Fibonacci inequality

Question

If $F_n$ denotes the $n$-th Fibonacci number ($F_0 = 0, F_1 = 1, F_{n+2} = F_{n+1} + F_n$), show that the inequalities

$F_{2n-2} < F_n^2 < F_{2n-1}$

hold for all $n ≥ 3$.

Answer 1

$F_{2(n-1)} = F_{n-1}\left(F_n + F_{n-2}\right) \to F_{n-1}\left(F_{n-1}+F_{n-2}+F_{n-2}\right) < \left(F_{n-1}+F_{n-2}\right)^2 \iff 0 < F_{n-2}^2$ which is clearly true.

$F_{2n-1} = F_{2n} - F_{2n-2} = F_n\left(F_{n+1} + F_{n-1}\right) - F_{n-1}\left(F_n + F_{n-2}\right) > F_n\left(F_n + 2F_{n-1}\right) - F_{n-1}\left(2F_n\right) = F_n^2$

Answer 2

We can use Binet's formula $$F_n=\frac{\alpha^n-\beta^n}{\alpha-\beta}$$ where $$\alpha=\frac{1+\sqrt5}{2}\ ,\quad \beta=\frac{1-\sqrt5}{2}\ .$$ Therefore $$F_n^2>F_{2n-2}\quad\Leftrightarrow\quad (\alpha^n-\beta^n)^2>(\alpha-\beta)(\alpha^{2n-2}-\beta^{2n-2})\ .$$ It is easy to check that $\alpha\beta=-1$; rearranging the previous inequality therefore gives $$F_n^2>F_{2n-2}\quad\Leftrightarrow\quad (\alpha^{2n}-\alpha^{2n-1}-\alpha^{2n-3})+(\beta^{2n}-\beta^{2n-1}-\beta^{2n-3}) >2(-1)^n\ .$$ It is also easy to check that $\alpha^2=\alpha+1$ and hence that $\alpha^4-\alpha^3-\alpha=1$, and that the same holds for $\beta$, so the above becomes $$F_n^2>F_{2n-2}\quad\Leftrightarrow\quad \alpha^{2n-4}+\beta^{2n-4}>2(-1)^n\ .$$ If $n\ge3$ then $$LHS\ge\alpha^2=\frac{3+\sqrt5}{2}>2\ ,$$ which proves the inequality. The inequality $F_n^2<F_{2n-1}$ can be proved by the same methods (and in fact is very much easier).

Answer 3

We have $F_k$ = $F_{k-n}F_{n+1}+F_{k-n-1}F_n$ for k>n.

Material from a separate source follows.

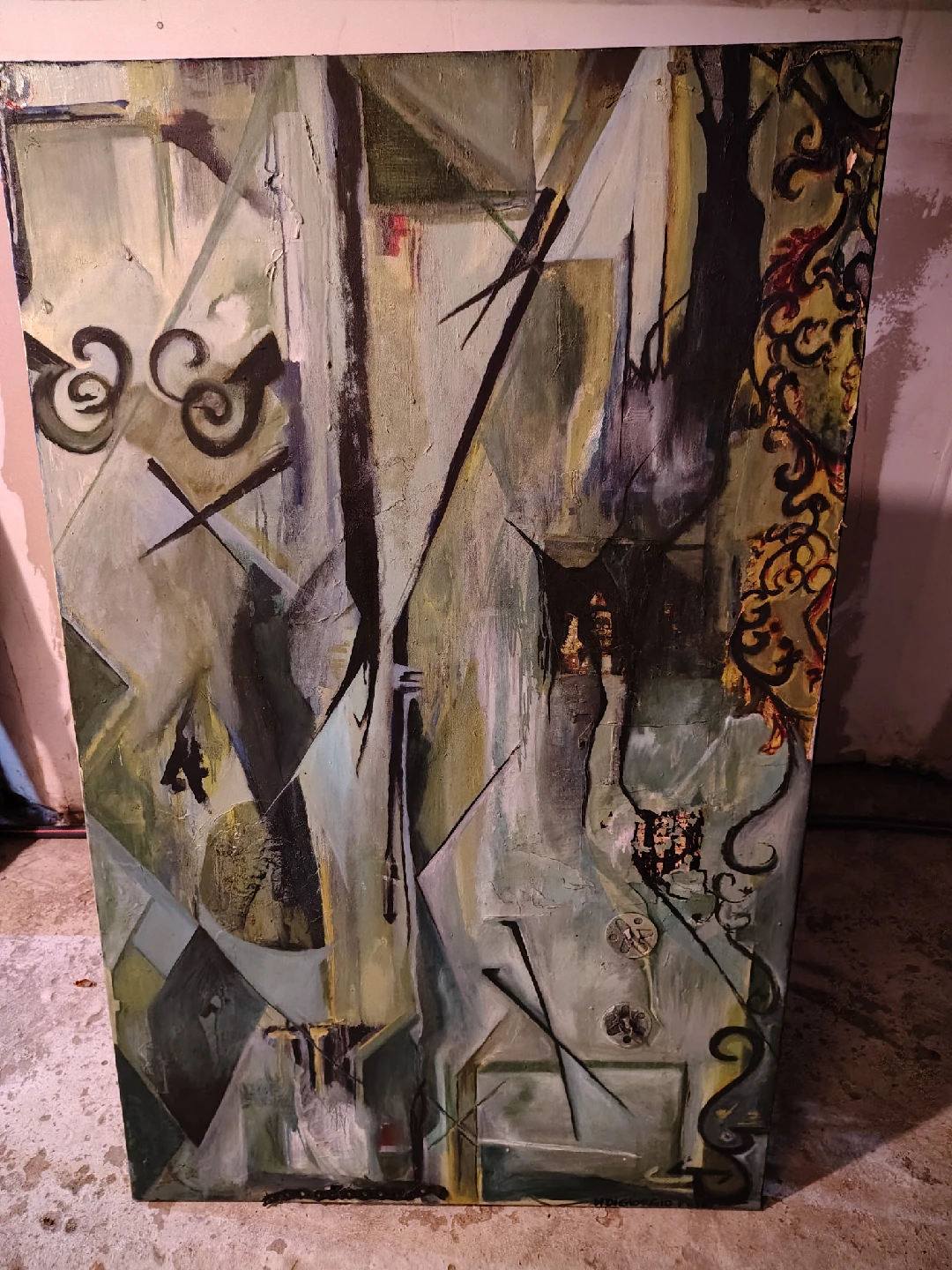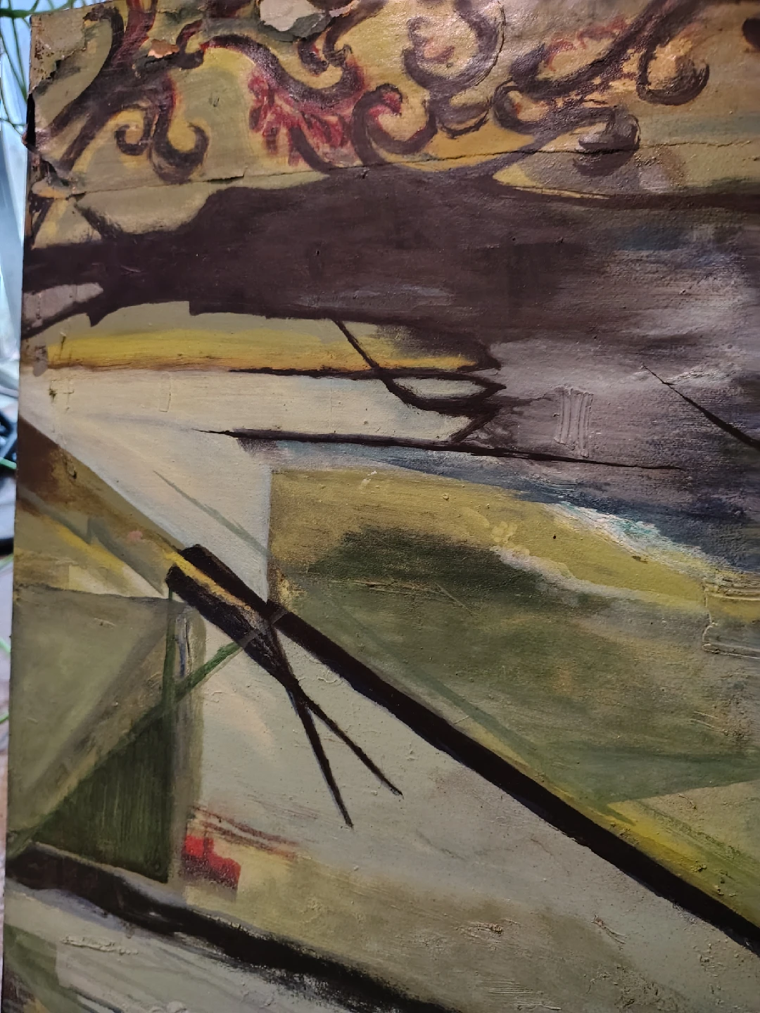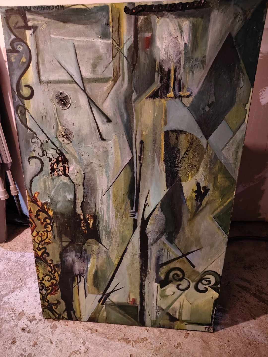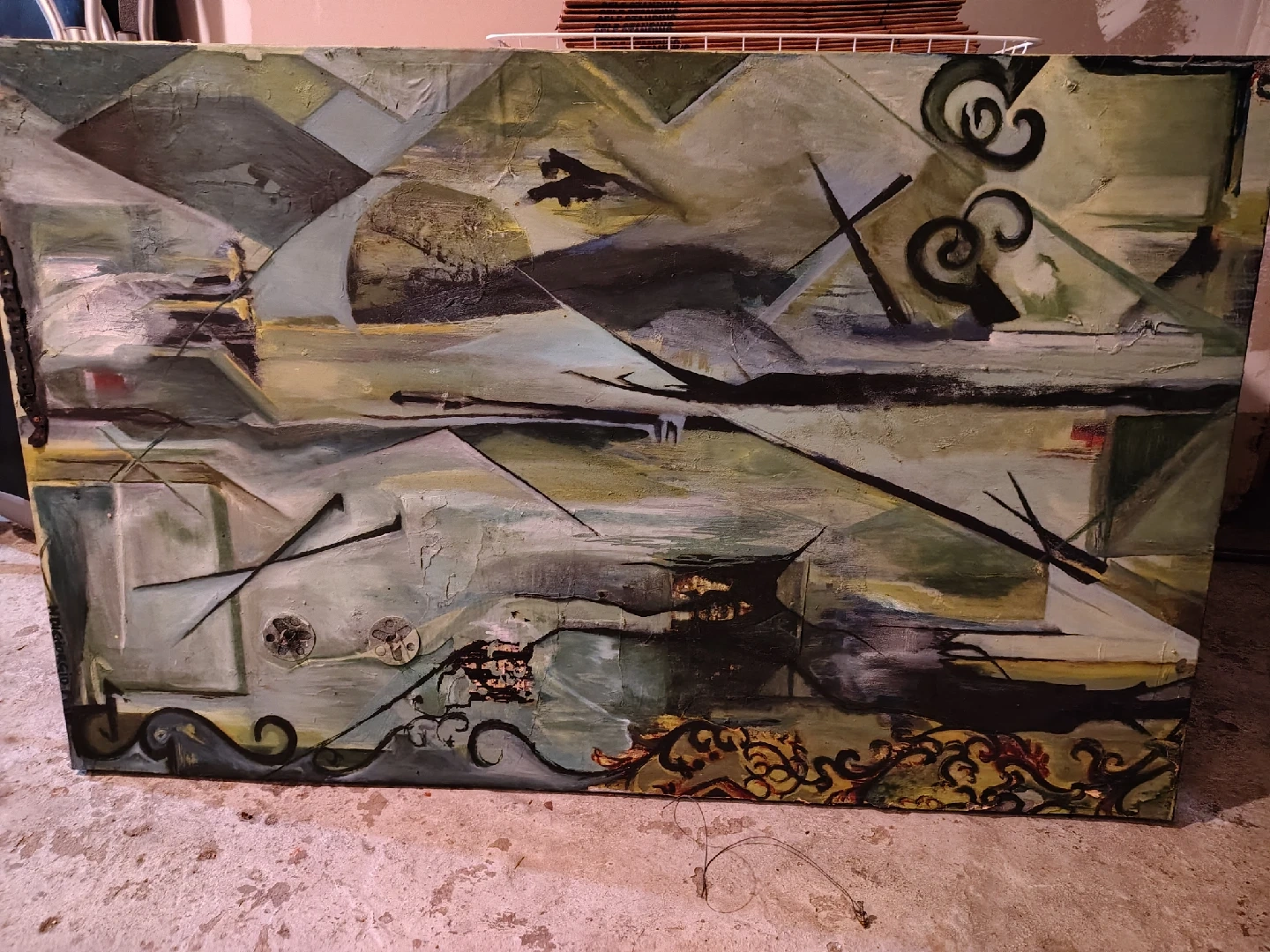 What makes this piece especially unique is that you can hang it four different ways as the photos show— sideways or lengthwise — and they all look great! It truly feels like four paintings in one! The textured details, including bike chain and metal elements, make it an intriguing and conversation-starting artwork.

Thus, $F_{2n-2}<{F_n}^2\iff$$F_{n-2}F_{n+1}+F_{n-3}F_n<{F_n}^2\iff$$F_{n-2}F_{n+1}<{F_n}^2-F_{n-3}F_n\iff$$F_{n-2}F_{n+1}<{F_n}(2F_{n-2})\iff$$F_{n+1}<2F_n$ which is trivial.

Also, $F_{2n-1}>{F_n}^2\iff$$F_{n-1}F_{n+1}+F_{n-2}F_n>{F_n}^2\iff$$F_{n-1}F_{n+1}>F_{n-1}F_n$ which is again trivial.

Answer 4

$F_{ m+n }=F_{ n+1 }F_{ m }+F_{ n }F_{ m-1 }=F_{ n+1 }F_{ m+1 }-F_{ n-1 }F_{ m-1 }$ implies that

$F_{ 2n-1 }={ F }_{ n-1 }^{ 2 }+{ F }_{ n }^{ 2 }$

$F_{ 2n-2 }={ F }_{ n }^{ 2 }-{ F }_{ n-2 }^{ 2 }$

Therefore, $F_{ 2n-1 }={ F }_{ n-1 }^{ 2 }+{ F }_{ n }^{ 2 }>{ F }_{ n }^{ 2 }>{ F }_{ n }^{ 2 }-{ F }_{ n-2 }^{ 2 }=F_{ 2n-2 }$